You mentioned we were planning to go to a restaurant
Note:
  • Ensure you have the required dependencies installed: pip install transformers==4.57.6 torchao==0.16.0
  • The MappingType.SYMMETRIC option enables symmetric quantization which is recommended for optimal performance with zentorch.
  • The scale_dtype=torch.bfloat16 option ensures compatibility with AMD EPYC™ CPU optimizations.
  • Use safe_serialization=False when saving for compatibility with zentorch.
  • WOQ quantized models are only supported with freezing enabled
    export TORCHINDUCTOR_FREEZING=1
    export VLLM_USE_AOT_COMPILE=0
    export TORCHINDUCTOR_AUTOGRAD_CACHE=0
  • Sample output of the quantized model example described earlier is expected to be different for each run.

Running Quantized Models

Quantized models are supported in vLLM via the zentorch backend.
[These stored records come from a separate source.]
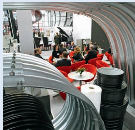
Producent rur stalowych – Viacon

Autostrada-Polska po raz kolejny objęta została patronatem Ministerstwa Infrastruktury i Rozwoju, Generalnej Dyrekcji Dróg Krajowych i Autostrad. Wsparcie najistotniejszych instytucji z branży – Ogólnopolskiej Izby Gospodarczej Drogownictwa,
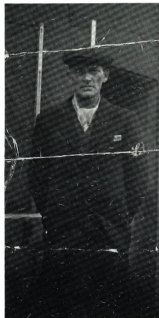
Illegalt foto fra KZ-lejren Blumenthal-Farge.

Manden på billedet hørte til dem, der var overført fra fængslet i Schwerin for at blive »overfange« - han afsøgte livsstraf for rovmord, han kunne behandle fangerne så råt, som det passede ham. Billedet er fra marts-april 1945.
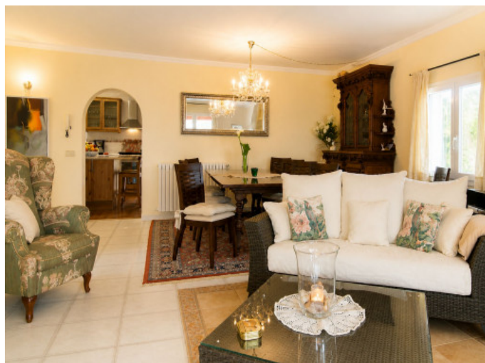
Sala de estar y comedor con chimenea

Toda la información como mejor se puede saber, salvo por error durante el periodo de venta. Sirva este documento como un informe previo, las bases legales solo serán válidas a través de un contrato de compra acordado ante Notario.
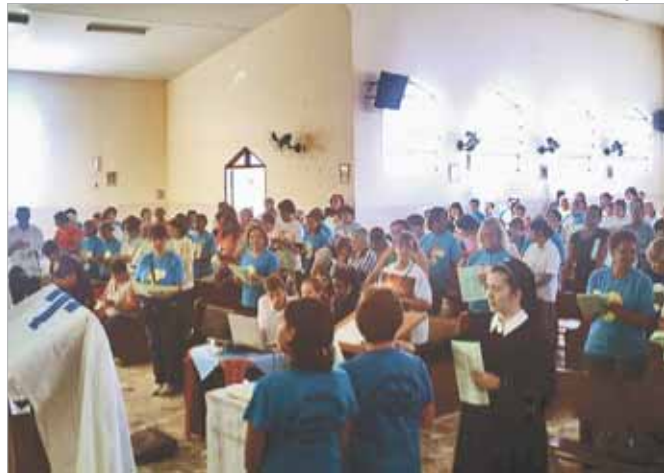
Encontro é impulso para novo agir missionário

O 6º Encontro Diocesano do Movimento da Mãe Rainha e Vencedora Três Vezes Admirável de Schoenstatt para coordenadores e missionários do Movimento. O Encontro foi realizado no dia 22 de maio na Capela N. Sra. de Fátima (Par. Santo Antonio/PG).

This release introduces functional support for Weight-Only Quantization (WOQ). See vLLM-zentorch Plugin for detailed instructions on running models with vLLM.

Note: When running quantized models, use the path to your quantized model directory (example: ./quantized_model) as the model path instead of the original Hugging Face model name.